Various municipal councils are currently running trials to identify any inefficiencies in their departments, using data from the app. “By having an app like that, we can now study where they are weak and strong,” Lee says.

The principle of gamification applies here. Officials earn points if they can attend to citizen’s reports within a specific timeframe, say, 24 hours. “The longer they take, the points are reduced,” Lee says, adding that this system allows management to rank individuals and better understand their level of productivity.

With the points system, whole neighbourhoods can be ranked too. “We can rank zones and rate them in terms of cleanliness and issues,” he explains. “Seeing how fast they can take action – this becomes part of the overall KPI of government.”

Armed with these insights, the councils may do a “proper reshuffle” of teams across departments to improve their overall performance, Lee believes.

Qlue also features location-based services, which allow departments to track which staff are responding to issues, Lee explains. And in case of emergencies, “if the hospitals are using the app, they will be able to dispatch and also track where the nearest ambulance is,” he continues.

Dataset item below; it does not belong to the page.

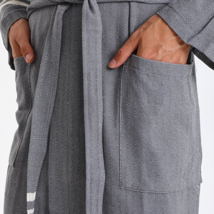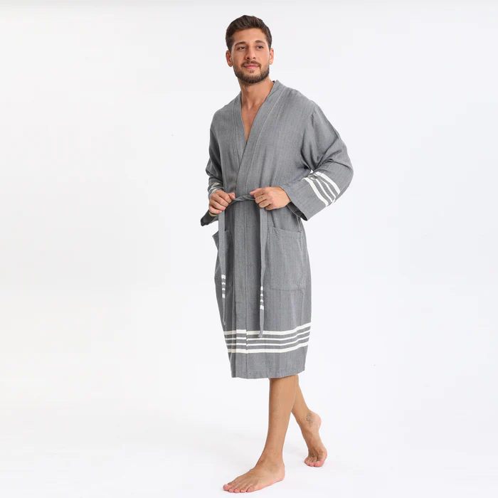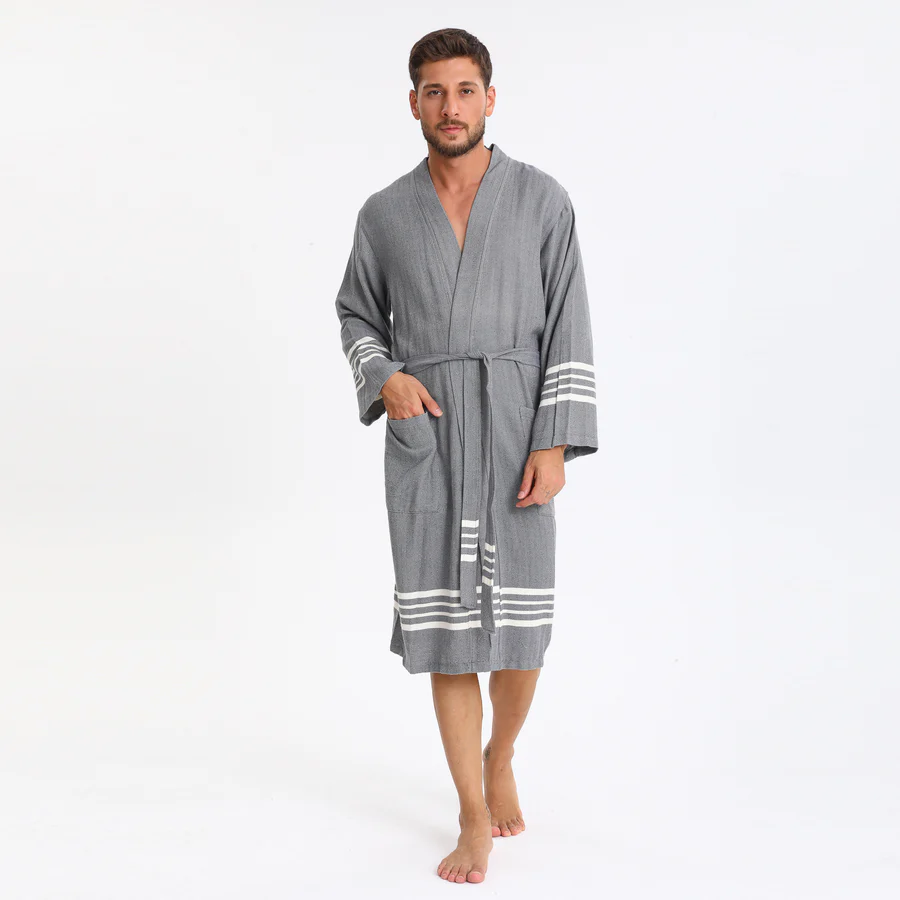 Experience refined comfort with this Turkish Peshtemal Bathrobe in sophisticated dark grey. The elegant, versatile tone beautifully enhanced by crisp white horizontal stripes at the hem and cuffs creates a timeless, coastal-inspired aesthetic that elevates any space. Designed as a unisex style with universal appeal, this lightweight bathrobe combines authentic Turkish peshtemal tradition with contemporary elegance, perfect for those who value breathable luxury in classic neutrals.

Linking citizens and governments

Eventually, the ordinary citizen will have a say on how things are run, and the powers that be will have a finger on the pulse of how a community feels about certain issues. “In this manner, [citizens] are additional eyes and ears of government agencies – they can feedback to the agencies in order to improve the living conditions of their city or state,” Lee says.

As a citizen communications tool, Qlue has the potential to bridge the gap between youths and the Malaysian government. In the lead-up to 2050, Malaysia has unveiled its Tranformasi Nasional 2050 or TN50 plans, where the government hopes to reach out to young voters and create dialogues over how they wish to shape Malaysia’s future.

However, as the government is primarily reaching out through roadshows and conferences, their access is “limited”, Lee notes. Instead, they could use Qlue for vote casting, he suggests.

All relationships – in life, work and everything else in between – are based on healthy two-way communication. Similarly, for the government to improve lives, there must be a two-way channel between citizen and agency; only then can there be change.